(EXERCISE MATERIAL begins)

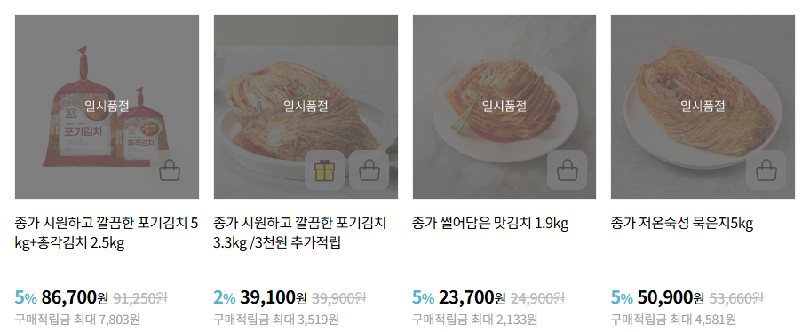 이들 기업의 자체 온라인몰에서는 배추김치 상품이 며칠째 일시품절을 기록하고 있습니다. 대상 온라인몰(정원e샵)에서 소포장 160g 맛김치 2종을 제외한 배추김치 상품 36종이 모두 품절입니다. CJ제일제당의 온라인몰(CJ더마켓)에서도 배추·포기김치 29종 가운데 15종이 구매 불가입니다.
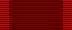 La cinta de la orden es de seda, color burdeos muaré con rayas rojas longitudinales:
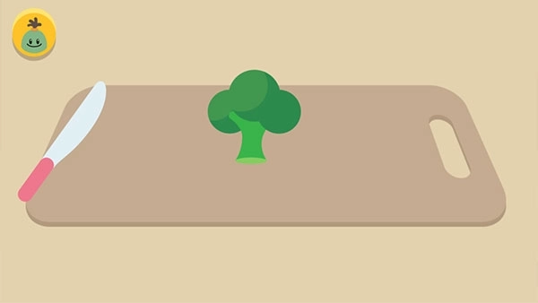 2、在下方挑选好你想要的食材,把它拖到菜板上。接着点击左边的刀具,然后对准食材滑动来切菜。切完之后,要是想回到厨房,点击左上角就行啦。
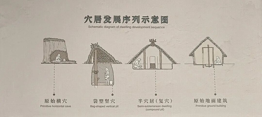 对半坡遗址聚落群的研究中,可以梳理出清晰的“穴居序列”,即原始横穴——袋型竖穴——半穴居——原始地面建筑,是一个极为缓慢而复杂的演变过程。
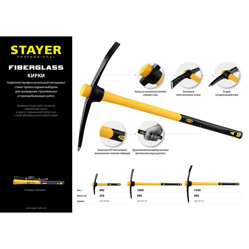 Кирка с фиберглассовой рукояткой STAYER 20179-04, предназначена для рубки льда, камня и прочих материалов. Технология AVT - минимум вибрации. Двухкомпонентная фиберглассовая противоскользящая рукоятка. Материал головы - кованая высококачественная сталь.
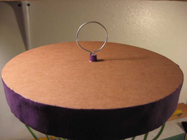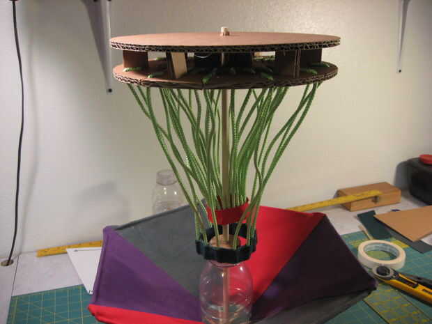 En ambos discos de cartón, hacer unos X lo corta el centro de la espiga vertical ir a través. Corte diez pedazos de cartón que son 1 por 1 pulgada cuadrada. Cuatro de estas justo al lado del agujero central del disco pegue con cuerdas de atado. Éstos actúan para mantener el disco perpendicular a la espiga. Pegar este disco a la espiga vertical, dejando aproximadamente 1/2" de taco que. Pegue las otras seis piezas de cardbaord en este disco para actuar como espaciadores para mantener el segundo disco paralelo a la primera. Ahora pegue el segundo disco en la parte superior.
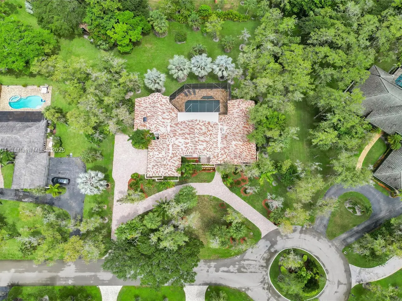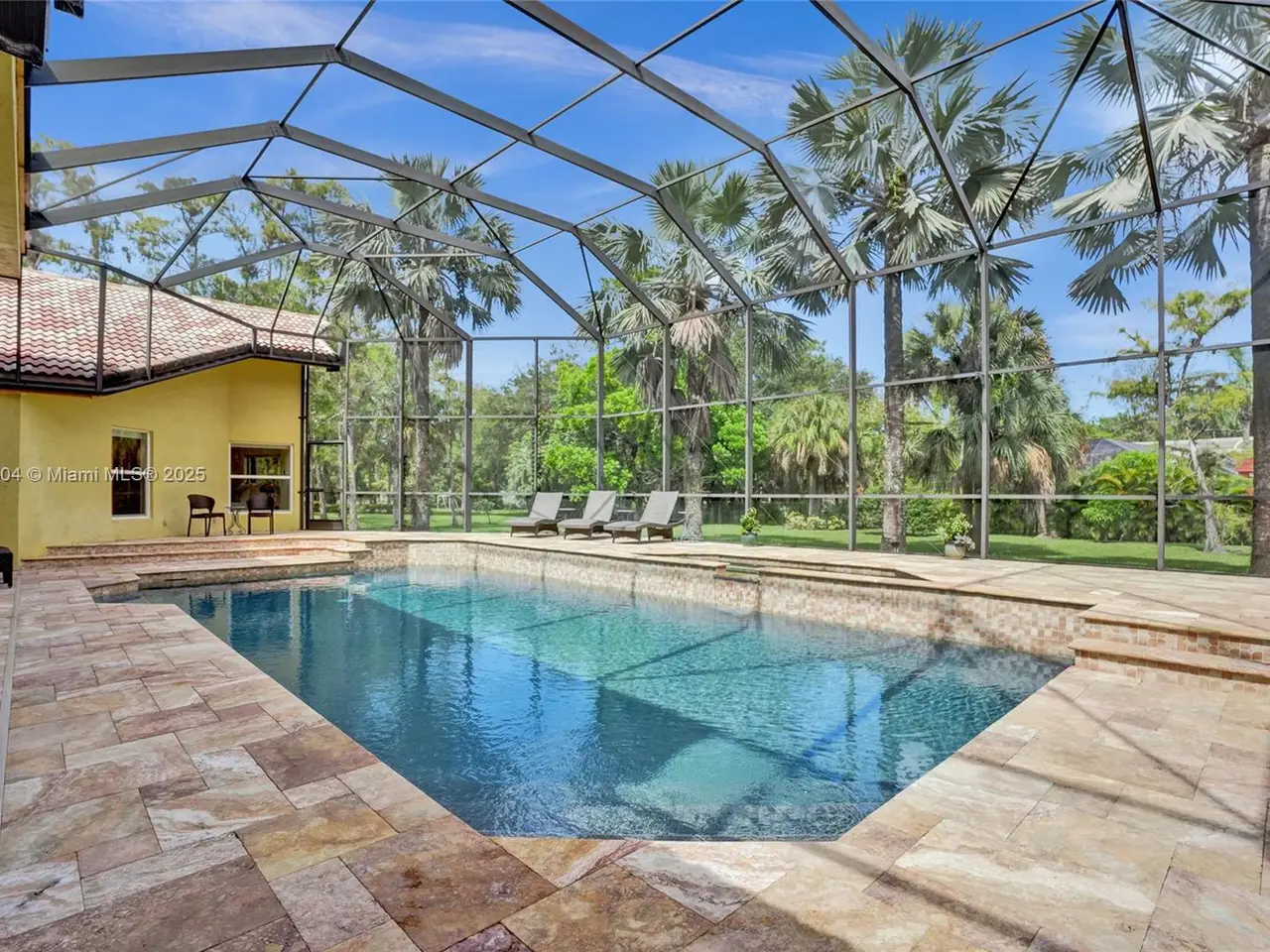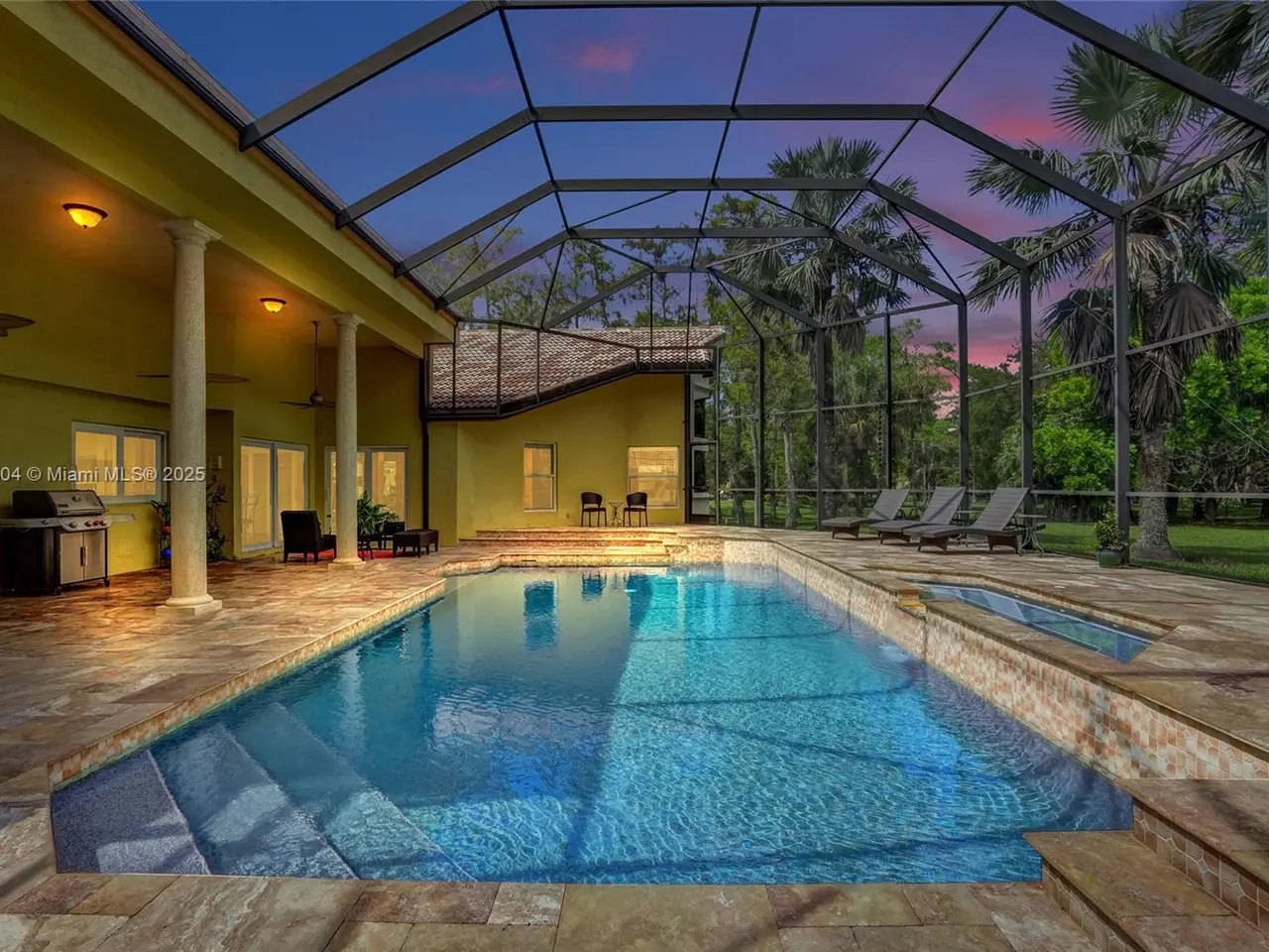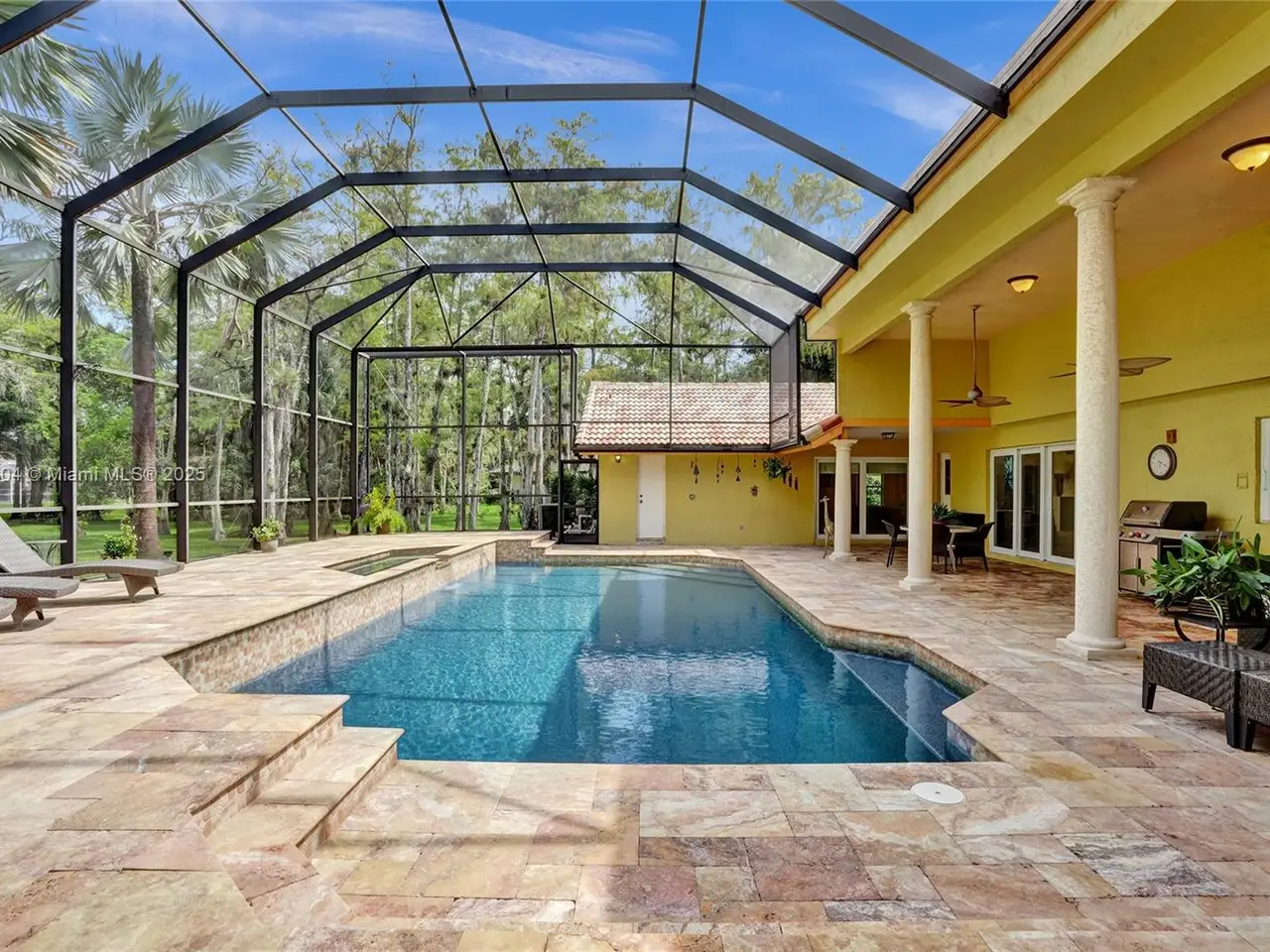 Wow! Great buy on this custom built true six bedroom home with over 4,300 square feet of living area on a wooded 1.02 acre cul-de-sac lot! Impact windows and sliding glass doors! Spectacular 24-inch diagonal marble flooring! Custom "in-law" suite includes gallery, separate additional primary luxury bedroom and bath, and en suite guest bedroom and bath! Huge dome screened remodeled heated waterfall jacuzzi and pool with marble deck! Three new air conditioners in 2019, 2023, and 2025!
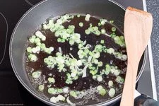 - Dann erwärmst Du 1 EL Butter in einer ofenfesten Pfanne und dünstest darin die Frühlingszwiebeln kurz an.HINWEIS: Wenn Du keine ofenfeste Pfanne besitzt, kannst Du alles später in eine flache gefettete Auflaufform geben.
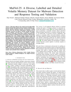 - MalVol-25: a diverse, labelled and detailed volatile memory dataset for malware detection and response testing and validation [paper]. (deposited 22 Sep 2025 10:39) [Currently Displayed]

(EXERCISE MATERIAL ends)

#### [YOUR OBJECTIVE]
When the listing is transcribed, every line must match the original exactly, and the pictures must be left out.

#### [TASK RESPONSE]
 이들 기업의 자체 온라인몰에서는 배추김치 상품이 며칠째 일시품절을 기록하고 있습니다. 대상 온라인몰(정원e샵)에서 소포장 160g 맛김치 2종을 제외한 배추김치 상품 36종이 모두 품절입니다. CJ제일제당의 온라인몰(CJ더마켓)에서도 배추·포기김치 29종 가운데 15종이 구매 불가입니다.
 La cinta de la orden es de seda, color burdeos muaré con rayas rojas longitudinales:
 2、在下方挑选好你想要的食材,把它拖到菜板上。接着点击左边的刀具,然后对准食材滑动来切菜。切完之后,要是想回到厨房,点击左上角就行啦。
 对半坡遗址聚落群的研究中,可以梳理出清晰的“穴居序列”,即原始横穴——袋型竖穴——半穴居——原始地面建筑,是一个极为缓慢而复杂的演变过程。
 Кирка с фиберглассовой рукояткой STAYER 20179-04, предназначена для рубки льда, камня и прочих материалов. Технология AVT - минимум вибрации. Двухкомпонентная фиберглассовая противоскользящая рукоятка. Материал головы - кованая высококачественная сталь.
 En ambos discos de cartón, hacer unos X lo corta el centro de la espiga vertical ir a través. Corte diez pedazos de cartón que son 1 por 1 pulgada cuadrada. Cuatro de estas justo al lado del agujero central del disco pegue con cuerdas de atado. Éstos actúan para mantener el disco perpendicular a la espiga. Pegar este disco a la espiga vertical, dejando aproximadamente 1/2" de taco que. Pegue las otras seis piezas de cardbaord en este disco para actuar como espaciadores para mantener el segundo disco paralelo a la primera. Ahora pegue el segundo disco en la parte superior.
 Wow! Great buy on this custom built true six bedroom home with over 4,300 square feet of living area on a wooded 1.02 acre cul-de-sac lot! Impact windows and sliding glass doors! Spectacular 24-inch diagonal marble flooring! Custom "in-law" suite includes gallery, separate additional primary luxury bedroom and bath, and en suite guest bedroom and bath! Huge dome screened remodeled heated waterfall jacuzzi and pool with marble deck! Three new air conditioners in 2019, 2023, and 2025!
 - Dann erwärmst Du 1 EL Butter in einer ofenfesten Pfanne und dünstest darin die Frühlingszwiebeln kurz an.HINWEIS: Wenn Du keine ofenfeste Pfanne besitzt, kannst Du alles später in eine flache gefettete Auflaufform geben.
 - MalVol-25: a diverse, labelled and detailed volatile memory dataset for malware detection and response testing and validation [paper]. (deposited 22 Sep 2025 10:39) [Currently Displayed]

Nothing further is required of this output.